Dataset
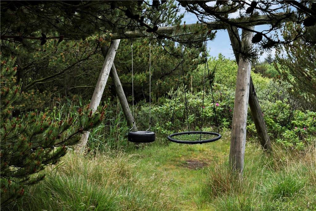 Fra stuen har I direkte adgang til et dejligt terrassemiljø, der breder sig syd og vest for sommerhuset. Her er udsigten selvfølgelig også imponerende, og med fuglesang og solskin fra oven er det et skønt sted at nyde ferielivet. På græsplænen er der god plads til at lege og spille havespil, og til de yngste familiemedlemmer er der sandkasse og gynger.
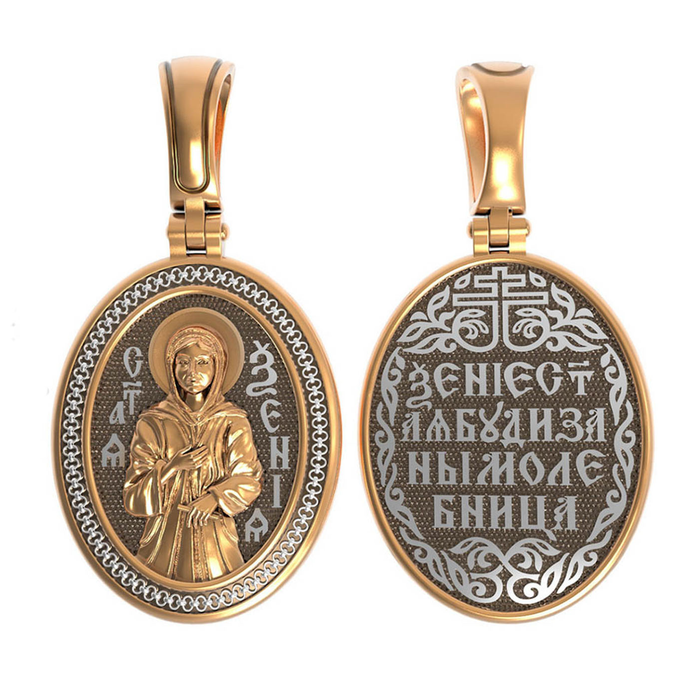 На лицевой стороне образка изображена Святая блаженная Ксения Петербургская, в миру Ксения Григорьевна Петрова.
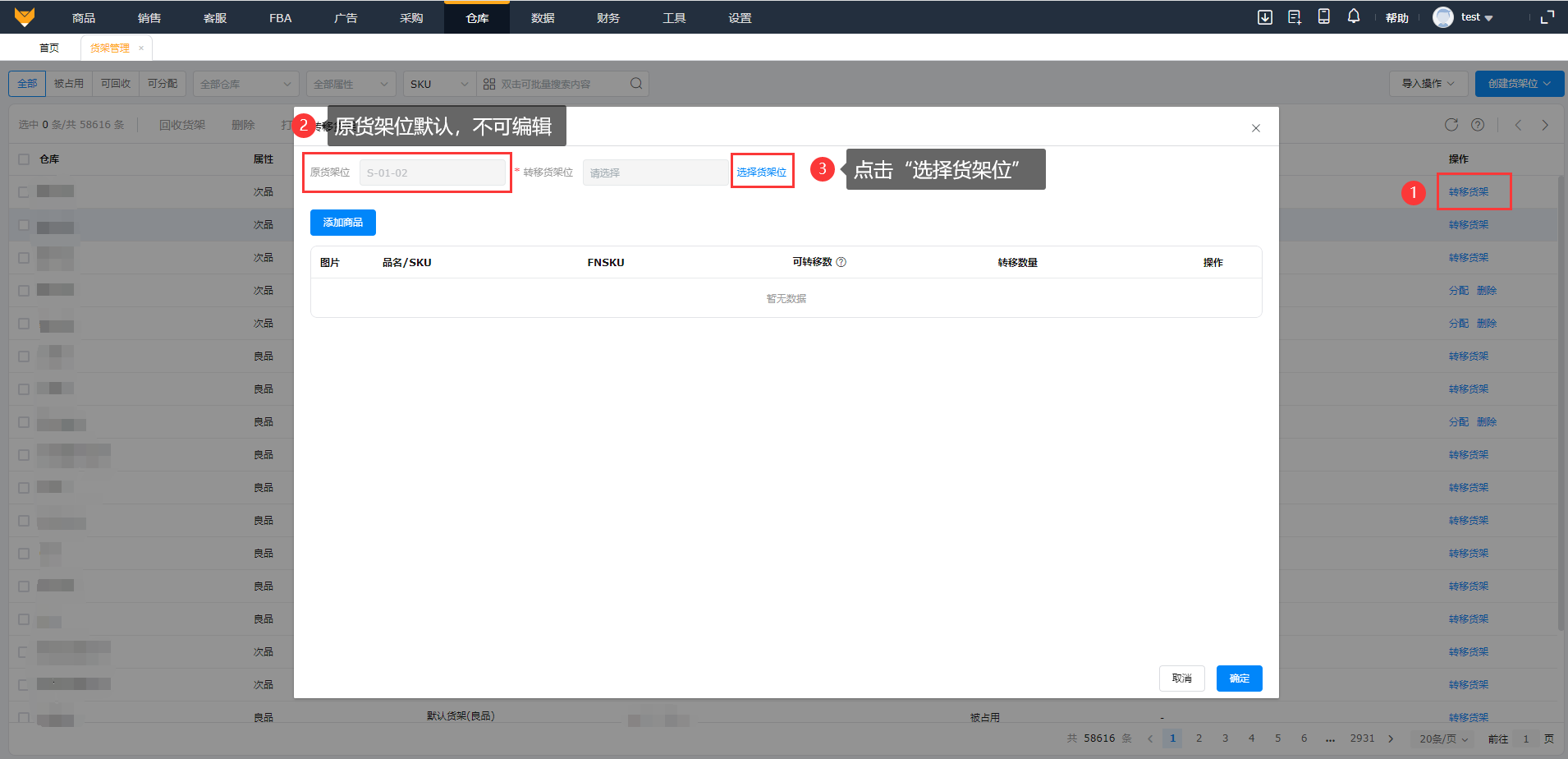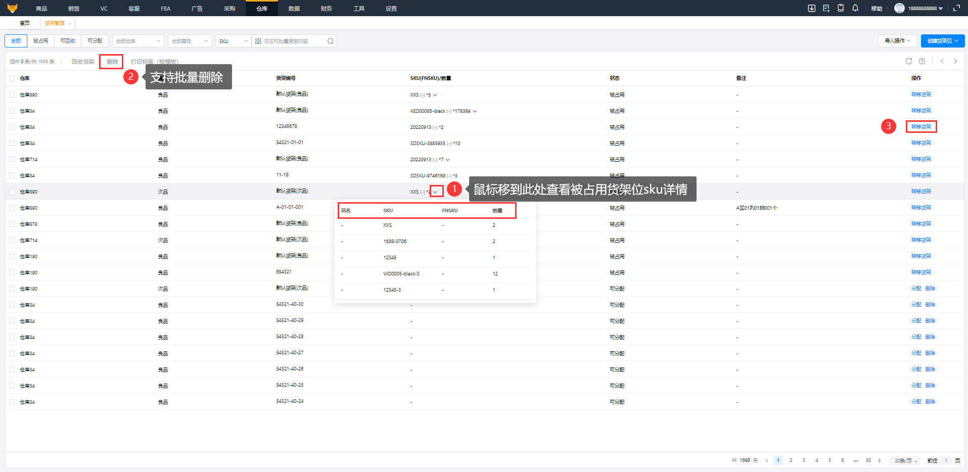 (2)【被占用】支持转移货架,可展开查看SKU、FNSKU和数量
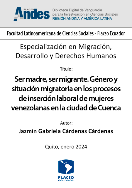 Cárdenas Cárdenas, Jazmín Gabriela. 2024. Ser madre, ser migrante. Género y situación migratoria en los procesos de inserción laboral de mujeres venezolanas en la ciudad de Cuenca. Tesina de especialización, Flacso Ecuador.
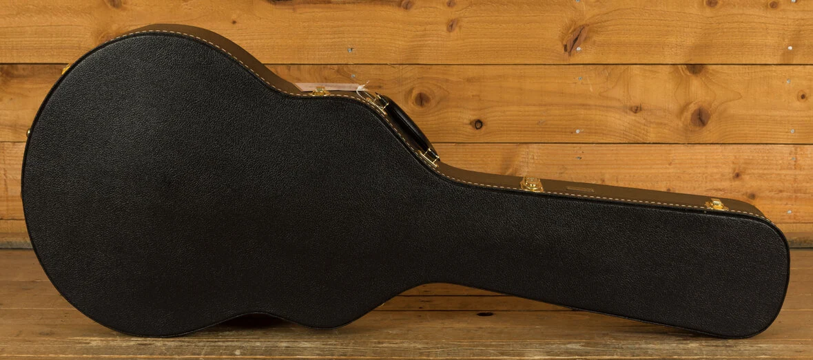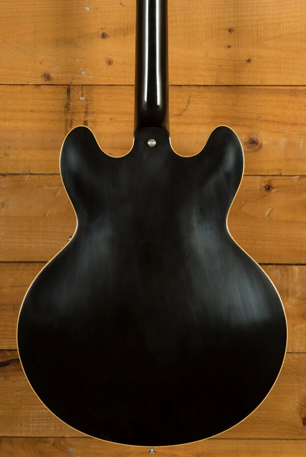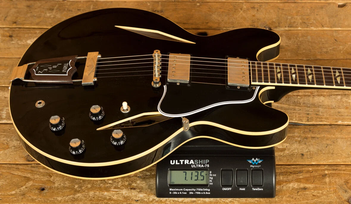 The Trini Lopez Standard features a 335 body shape. Constructed with a 3-Ply Maple/Poplar/Maple body with a solid Maple centerblock, helping to provide great feedback resistance. The body sports the classic Ebony Nitrocellulose finish which will wear beautifully over time, just like the original '60s models.

The task
Would you give again, exactly, the lines in the data above that run from the line containing "На лицевой стороне" to the line containing "Cárdenas Cárdenas, Jazmín"? Include both ends and no pictures.

Answer to this exercise
 На лицевой стороне образка изображена Святая блаженная Ксения Петербургская, в миру Ксения Григорьевна Петрова.
 (2)【被占用】支持转移货架,可展开查看SKU、FNSKU和数量
 Cárdenas Cárdenas, Jazmín Gabriela. 2024. Ser madre, ser migrante. Género y situación migratoria en los procesos de inserción laboral de mujeres venezolanas en la ciudad de Cuenca. Tesina de especialización, Flacso Ecuador.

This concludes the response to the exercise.